= Arjak Sangh =

Organisation working for lower castes' freedoms

Arjak Sangh is an organisation, which was actively working for the emancipation of Dalits in the Indian state of Uttar Pradesh in the early 1970s. It is based on the idea of humanism and anti-Brahminism. Idol worship, fate, rebirth and soul are also some of the things they rally against. The Sangh was established in Lucknow by Ramswaroop Verma, the former Finance Minister under the Government of Uttar Pradesh, who was known for his work against Brahminism and for his championing the cause of Lower Castes. It was established in 1968 and from 1969 onwards its mouthpiece called Arjak Weekly came into being. It ran self-awareness drive amongst Dalit population in various belts of Uttar Pradesh and integrated the numerically powerful Chamar caste with itself. It also worked closely with other organizations, working in the sphere of Dalit emancipation. Through its publications like Achhoto Ki Samasya Aur Samadhan, Niradar Kaise Mite (transl: The conundrums of Untouchables and its solution, how to end the disrespect ?), it aimed to create a group of motivated Dalits, who could carry the movement forward.

==Arjak beliefs==

The cover page of official mouthpiece of Arjak Sangh.

The Arjak Sangh opposes the philosophy of Brahminism and the cultural traditions followed by Dvija castes. The female members of the family are not allowed to visit the cremation site and also to participate in the Antyeshti of their dead ancestors, in contrast to it the followers of Arjak philosophy give equal freedom to the female members of their family to participate in last rituals to be followed after the death of their family members. The women of such families are also allowed to carry the dead family member to the cremation site on their shoulders, a practice reserved for only male relatives of the deceased in the orthodox Brahmanical religion. The Arjak philosophy is also opposed to the concept of Mrityu Bhoj (the food fest organised after the death, in the memory of deceased). The followers of Sangh believe that the ceremonies like Mrityu Bhoj are the way to "extract cash and kind" from the Jajman (doners), by the Brahmins, who usually officiate the last rituals for the contentment of the soul of the deceased. In the Dvija tradition or the Brahminism, the food fest is organised till the 13th day of the death (also called Terahwi), which causes financial burden for the family of deceased. However, Arjak Parampara (Arjak philosophy) opposes it.
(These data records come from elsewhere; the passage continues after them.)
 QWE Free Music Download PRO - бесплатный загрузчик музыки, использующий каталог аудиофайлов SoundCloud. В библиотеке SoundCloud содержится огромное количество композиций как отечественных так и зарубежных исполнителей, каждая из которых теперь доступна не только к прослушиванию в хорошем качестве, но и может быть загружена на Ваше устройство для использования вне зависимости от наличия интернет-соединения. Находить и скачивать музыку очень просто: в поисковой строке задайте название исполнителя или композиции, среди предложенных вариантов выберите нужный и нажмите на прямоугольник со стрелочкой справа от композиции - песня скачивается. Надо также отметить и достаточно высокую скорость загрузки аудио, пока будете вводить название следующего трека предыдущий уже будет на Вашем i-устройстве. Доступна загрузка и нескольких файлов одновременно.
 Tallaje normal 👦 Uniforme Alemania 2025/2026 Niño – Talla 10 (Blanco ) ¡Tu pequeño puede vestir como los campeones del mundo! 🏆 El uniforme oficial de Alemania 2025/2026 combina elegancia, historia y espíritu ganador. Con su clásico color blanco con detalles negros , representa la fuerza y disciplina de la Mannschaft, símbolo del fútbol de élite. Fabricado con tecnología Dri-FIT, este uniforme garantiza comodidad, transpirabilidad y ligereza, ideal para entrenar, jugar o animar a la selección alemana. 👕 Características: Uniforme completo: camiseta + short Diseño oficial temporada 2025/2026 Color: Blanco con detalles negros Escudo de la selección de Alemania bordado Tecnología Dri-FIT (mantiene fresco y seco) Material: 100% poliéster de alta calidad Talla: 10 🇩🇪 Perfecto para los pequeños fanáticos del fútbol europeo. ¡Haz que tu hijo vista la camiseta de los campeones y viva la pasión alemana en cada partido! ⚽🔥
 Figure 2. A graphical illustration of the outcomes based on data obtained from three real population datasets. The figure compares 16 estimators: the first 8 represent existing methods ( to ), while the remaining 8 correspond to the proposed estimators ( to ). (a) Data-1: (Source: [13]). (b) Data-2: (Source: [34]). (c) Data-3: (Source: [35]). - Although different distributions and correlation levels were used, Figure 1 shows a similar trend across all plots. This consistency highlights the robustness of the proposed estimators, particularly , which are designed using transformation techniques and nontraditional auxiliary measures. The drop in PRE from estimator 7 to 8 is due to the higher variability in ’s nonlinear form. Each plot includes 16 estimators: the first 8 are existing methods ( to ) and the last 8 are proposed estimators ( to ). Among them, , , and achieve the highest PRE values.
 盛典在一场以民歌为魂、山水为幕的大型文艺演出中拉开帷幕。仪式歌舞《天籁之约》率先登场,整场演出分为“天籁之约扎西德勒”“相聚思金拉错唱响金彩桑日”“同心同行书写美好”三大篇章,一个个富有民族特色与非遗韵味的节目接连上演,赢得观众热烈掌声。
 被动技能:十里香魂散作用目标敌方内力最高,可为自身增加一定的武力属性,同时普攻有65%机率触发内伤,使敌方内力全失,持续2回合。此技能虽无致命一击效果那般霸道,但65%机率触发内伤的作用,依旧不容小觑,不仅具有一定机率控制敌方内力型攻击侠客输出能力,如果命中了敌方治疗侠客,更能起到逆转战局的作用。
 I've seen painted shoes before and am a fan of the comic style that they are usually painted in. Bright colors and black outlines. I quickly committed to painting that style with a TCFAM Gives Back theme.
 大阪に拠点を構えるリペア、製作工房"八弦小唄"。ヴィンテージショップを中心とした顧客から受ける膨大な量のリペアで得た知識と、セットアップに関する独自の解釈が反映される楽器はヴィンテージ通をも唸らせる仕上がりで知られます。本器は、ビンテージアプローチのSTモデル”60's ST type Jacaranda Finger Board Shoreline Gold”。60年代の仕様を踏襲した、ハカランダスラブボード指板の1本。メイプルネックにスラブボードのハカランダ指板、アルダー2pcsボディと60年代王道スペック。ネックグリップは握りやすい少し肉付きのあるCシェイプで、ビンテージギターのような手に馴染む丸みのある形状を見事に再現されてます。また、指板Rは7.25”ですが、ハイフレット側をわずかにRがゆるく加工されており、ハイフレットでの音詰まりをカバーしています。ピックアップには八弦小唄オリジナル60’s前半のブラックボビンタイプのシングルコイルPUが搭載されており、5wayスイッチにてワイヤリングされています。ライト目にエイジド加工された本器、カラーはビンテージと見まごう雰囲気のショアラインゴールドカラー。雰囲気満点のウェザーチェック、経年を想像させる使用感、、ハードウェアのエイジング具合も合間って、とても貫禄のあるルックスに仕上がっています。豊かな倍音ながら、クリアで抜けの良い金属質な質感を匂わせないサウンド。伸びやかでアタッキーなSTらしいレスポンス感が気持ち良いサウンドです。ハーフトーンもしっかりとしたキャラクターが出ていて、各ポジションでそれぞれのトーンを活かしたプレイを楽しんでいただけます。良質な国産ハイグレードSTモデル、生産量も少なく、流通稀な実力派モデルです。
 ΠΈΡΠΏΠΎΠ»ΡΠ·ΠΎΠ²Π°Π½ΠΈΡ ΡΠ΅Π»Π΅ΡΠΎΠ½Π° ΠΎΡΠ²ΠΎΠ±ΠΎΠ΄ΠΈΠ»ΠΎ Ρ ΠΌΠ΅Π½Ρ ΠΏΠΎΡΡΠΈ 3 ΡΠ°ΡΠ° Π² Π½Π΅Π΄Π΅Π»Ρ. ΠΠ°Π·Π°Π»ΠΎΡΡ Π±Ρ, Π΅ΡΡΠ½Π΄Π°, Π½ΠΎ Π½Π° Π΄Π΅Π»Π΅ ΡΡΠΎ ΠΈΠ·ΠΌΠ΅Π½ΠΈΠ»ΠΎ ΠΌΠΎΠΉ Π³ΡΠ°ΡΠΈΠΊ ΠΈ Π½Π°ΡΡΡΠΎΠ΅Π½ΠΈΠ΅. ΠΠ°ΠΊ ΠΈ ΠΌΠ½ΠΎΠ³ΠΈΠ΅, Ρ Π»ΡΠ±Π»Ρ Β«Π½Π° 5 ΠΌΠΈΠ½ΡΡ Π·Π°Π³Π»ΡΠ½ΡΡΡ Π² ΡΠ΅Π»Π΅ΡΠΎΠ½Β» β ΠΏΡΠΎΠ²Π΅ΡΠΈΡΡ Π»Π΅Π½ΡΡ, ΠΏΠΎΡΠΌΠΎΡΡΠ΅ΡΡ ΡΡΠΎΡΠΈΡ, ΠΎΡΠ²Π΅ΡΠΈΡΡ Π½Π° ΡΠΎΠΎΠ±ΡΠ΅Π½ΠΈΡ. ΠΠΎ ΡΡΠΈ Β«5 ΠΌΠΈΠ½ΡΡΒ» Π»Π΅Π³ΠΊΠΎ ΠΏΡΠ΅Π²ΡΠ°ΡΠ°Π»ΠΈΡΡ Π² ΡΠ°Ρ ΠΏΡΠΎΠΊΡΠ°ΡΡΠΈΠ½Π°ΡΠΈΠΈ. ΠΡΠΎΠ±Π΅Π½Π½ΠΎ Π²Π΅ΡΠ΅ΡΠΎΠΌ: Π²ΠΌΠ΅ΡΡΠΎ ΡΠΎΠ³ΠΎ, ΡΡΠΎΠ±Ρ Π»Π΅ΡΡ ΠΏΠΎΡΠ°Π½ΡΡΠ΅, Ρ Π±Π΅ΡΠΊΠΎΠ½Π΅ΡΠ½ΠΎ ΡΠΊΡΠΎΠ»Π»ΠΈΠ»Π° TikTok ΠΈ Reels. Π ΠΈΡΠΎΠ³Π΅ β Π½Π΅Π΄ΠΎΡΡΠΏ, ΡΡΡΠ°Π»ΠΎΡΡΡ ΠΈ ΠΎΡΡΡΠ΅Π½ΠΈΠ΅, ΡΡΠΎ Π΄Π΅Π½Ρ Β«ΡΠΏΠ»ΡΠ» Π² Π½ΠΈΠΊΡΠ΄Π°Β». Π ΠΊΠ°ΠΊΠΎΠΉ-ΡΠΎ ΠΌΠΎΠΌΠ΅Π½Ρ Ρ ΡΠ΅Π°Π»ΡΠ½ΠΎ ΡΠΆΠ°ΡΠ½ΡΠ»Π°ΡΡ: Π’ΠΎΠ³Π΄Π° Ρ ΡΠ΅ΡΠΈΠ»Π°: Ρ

The practices of the followers of Sangh bears close resemblance to the practices of Asur tribes, who inhabit Gumla region of Jharkhand. These tribes don't follow the custom of compulsory food ceremony after the death but organise a collective food ceremony with the help of other members of tribe, if only they think themselves capable of doing so. An intoxicating drink is also prepared for the occasion. In the recent times the followers of Arjak Parampara have also started promoting the use of electric crematoriums for laying off the bodies of their dead family members instead of common tradition of using wood to cremate, as followed by the Hindus.

Leaders of Arjak Sangh believe in total rejection of Ramayana, Mahabharata and Manusmriti. In fact Arjak Sangh workers have openly burned copies of Tulsi Ramayana to protest against its perceived "brahmin-supremacist" and "anti-constitutional" content.

The Arjak movement has it weaknesses though in the fact that few women are present in their meetings, although the men proclaim their wives are atheist too.